和歌山県内で4月末までに届け出があった特殊詐欺や、SNSを通じて投資を持ちかける「SNS型投資詐欺」などの被害総額が、約5億7260万円に上っていることが県警のまとめでわかった。前年同時期の3・6倍になっており、県警は「被害に遭わないよう、手口と対処法を知っておいてほしい」としている。(佐武建哉)

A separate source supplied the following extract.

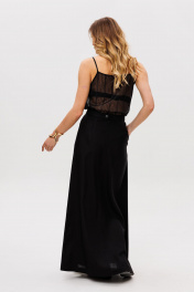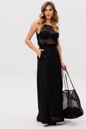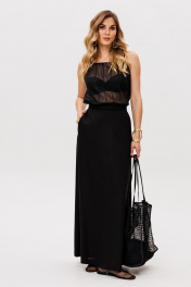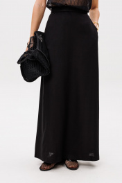 Юбка выполнена из льна. Юбка А-образного силуэта, на притачном поясе, длиной миди. Спереди в боковых швах карманы с наклонным входом. Сзади в среднем шве застежка на потайную молнию. Юбка без подкладки. Длина: р. 44-48 - 104 см, р. 50-54 - 105 см.

 県警は3月、SNS型投資詐欺と、SNSを使って恋愛感情や親近感を抱かせ、金銭をだまし取る「SNS型ロマンス詐欺」を特殊詐欺とは別の類型とした。警察庁の方針に従った対応で、1月に遡って集計し直した。 その結果、県内では1~4月、SNS型投資詐欺の被害が39件(約4億2690万円)、SNS型ロマンス詐欺は6件(約5570万円)となった。親族らになりすまして電話をかける「オレオレ詐欺」や、医療費や税金を返すなどとする「還付金詐欺」といった特殊詐欺は35件(約9000万円)だった。これらを合わせた被害総額は約5億7260万円で、前年同時期の旧分類の特殊詐欺被害より4億円以上増えている。 県警生活安全企画課は「有名人をかたった投資の勧誘や、SNSで知り合った異性から金銭の援助を求められることは詐欺だ。他の詐欺の手口の特徴も知り、自分や親しい人が被害に遭わないように注意してほしい」としている。県警、動画で手口を説明 県警は、特殊詐欺被害防止広報大使を委嘱しているロックバンド「キュウソネコカミ」が注意を呼びかける計4本の動画を作成した。27日から公式ユーチューブで公開を始めた。 動画では、メンバーがSNS型投資詐欺などの手口を説明し、最後には、24時間対応の相談ダイヤル(0120・508=これは=・878=わなや=)を紹介している。コンビニで防げ…和歌山で訓練高齢者役(右)に「詐欺かもしれない」と声をかける店員(和歌山市で)高齢者役(右)に「詐欺かもしれない」と声をかける店員(和歌山市で) 和歌山市のコンビニ店「セブン―イレブン和歌山楠見中西店」で14日、特殊詐欺の被害を防ぐ訓練が行われた。 「パソコンの修理のため、5万円分の電子マネーカードが欲しい」という高齢者がレジに来た想定で実施。女性店員が詐欺を疑い、高齢者に問いかけて110番するまでの手順を確かめた。 パソコン画面上に「ウイルスに感染した」などと表示させ、修理費用の名目で電子マネーなどを詐取する「サポート詐欺」という手口では、被害者がカードを購入しようとコンビニ店を訪れるケースが多く、店員が「最後のとりで」となる。このため、県警はコンビニ店と定期的に訓練を行っている。